Amendment No.5 to the FlexShopper, Inc. 2018 Omnibus Equity Compensation Plan (previously filed as Appendix B to the Company's Definitive Proxy Statement filed on September 9, 2024 and incorporated herein by reference)
Contract Categories:
Human Resources
- Compensation Agreements
EX-10.2 2 amendmentno5omnibusplan.htm EX-10.2 Document
Amendment No. 5 to the
FlexShopper, Inc. 2018 Omnibus Equity Compensation Plan
FlexShopper, Inc. 2018 Omnibus Equity Compensation Plan
This Amendment (“Amendment”), dated October 7, 2024, of the 2018 Omnibus Equity Compensation Plan (the “Existing Plan,” and as amended, the “Plan”), of FlexShopper, Inc., a Delaware corporation (the “Company”), is made and adopted by the Company, subject to approval of the stockholders of the Company.
Statement of Purpose
The Existing Plan was originally approved by the Company’s Board of Directors (the “Board”) on March 1, 2018, and by its stockholders on April 26, 2018, and became effective on such date. The Existing Plan was subsequently amended by Amendment No. 1 thereto by the Board on February 21, 2019, and by the Company’s stockholders on May 2, 2019, by Amendment No. 2 thereto by the Board on April 24, 2020, and by the Company’s stockholders on June 10, 2020, by Amendment No. 3 thereto by the Board on March 31, 2021, and by our stockholders on June 9, 2021, and by Amendment No. 4 thereto by the Board on August 8, 2023, and by our stockholders on November 1, 2024. The Board may amend the Plan at any time, pursuant to and subject to Section 5.2 of the Plan, contingent on approval by the stockholders of the Company, if stockholder approval is required by applicable law or applicable securities exchange listing requirements. The Board has determined that it is advisable and in the best interest of the Company to again amend the Plan to increase the number of shares of the Company’s common stock, par value $0.0001 per share, authorized for issuance under the Plan by 3,000,000 shares, and to make the other changes to the Plan described in this Amendment.

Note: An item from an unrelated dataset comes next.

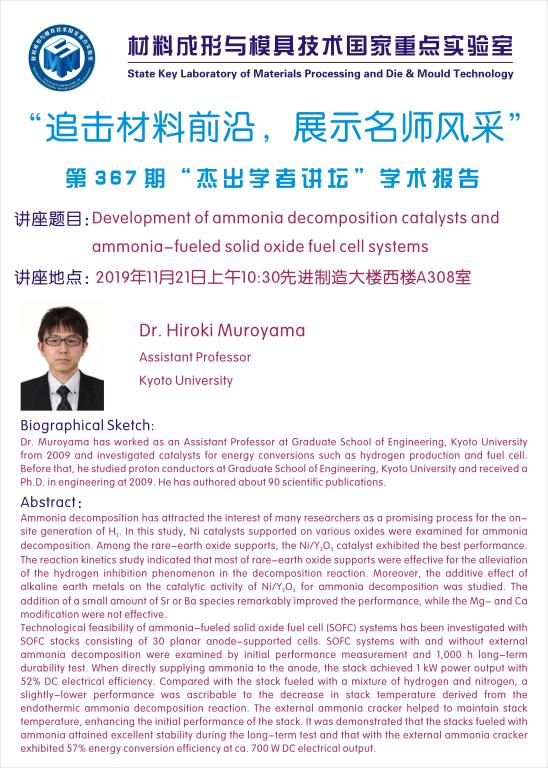 第367期杰出学者讲坛——Dr. Hiroki Muroyama from Kyoto University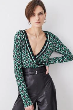 Defined by a plunge V-neckline for a sultry mood, this long-sleeved jersey top makes a bold choice for after-dark plans. An intricate geo print adds a retro mood. Style this piece with leather trousers for a striking day-to-evening look.

NOW, THEREFORE, the Plan is hereby amended as follows, subject to approval by the stockholders of the Company:
1. Capitalized Terms. All capitalized terms used and not defined herein shall have the meanings given thereto in the Plan.
2. Amendment of Section 4.1 of the Plan. Section 4.1 of the Plan is hereby deleted in its entirety and replaced with the following:
“4.1 Authorized Number of Shares
Subject to adjustment under Section 15, the total number of Shares authorized to be awarded under the Plan shall not exceed the sum of (1) 8,057,000 shares, plus (2) effective upon November 1, 2023 (subject to stockholder approval), 3,000,000 shares. In addition, Shares underlying any outstanding award granted under a Prior Plan that, after the Effective Date, expires, or is terminated, surrendered, or forfeited for any reason without issuance of Shares shall be available for the grant of new Awards. As provided in Section 1, no new awards shall be granted under the Prior Plans after the Effective Date. Shares issued under the Plan shall consist in whole or in part of authorized but unissued Shares, treasury Shares, or Shares purchased on the open market or otherwise, all as determined by the Company from time to time.”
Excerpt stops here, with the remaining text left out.